The analogy: A chess grandmaster doesn’t play by making the single best-looking move at each moment and hoping for the best. They maintain a tree of candidate lines — “if I go here, they go there, then I can go…” — evaluate which lines look promising after a few steps of lookahead, abandon dead-end lines early, and play the move that heads toward the best reachable position. They search, not just respond.

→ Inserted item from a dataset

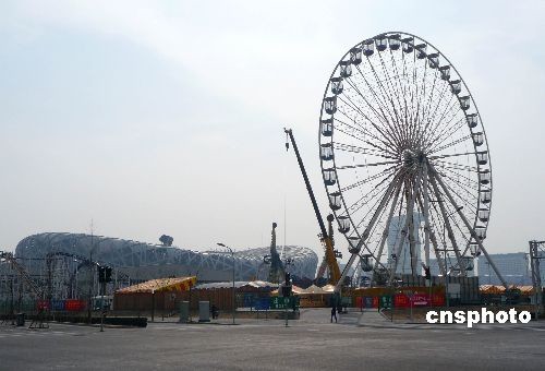 2009年3月10日,在北京奧林匹克公園“鳥巢”東北角,摩天輪、海盜船、太陽(yáng)神車等在內(nèi)的娛樂設(shè)施已經(jīng)搭建完畢,目前正在加緊調(diào)試中,預(yù)計(jì)將于本月中旬開業(yè)迎客。據(jù)悉,此次嘉年華不同于前幾年舉辦的環(huán)球嘉年華活動(dòng),包括包括海盜船等在內(nèi)的40個(gè)機(jī)動(dòng)游樂項(xiàng)目和56個(gè)競(jìng)技游樂項(xiàng)目會(huì)給游客耳目一新的感覺,而且隨著季節(jié)的更替和游客喜愛程度的不同,這些大型游樂設(shè)施會(huì)定期替換。中新社發(fā) 玉龍 攝

Every LLM before ToT was playing a different game: one where it commits to the first word of its first move before it knows where the move is going. Chain-of-thought made it commit to steps rather than single tokens, which helped. Self-consistency made it take many independent shots and pick the most popular answer, which helped more. But neither method can backtrack. If your first step is wrong, you’re stuck with it.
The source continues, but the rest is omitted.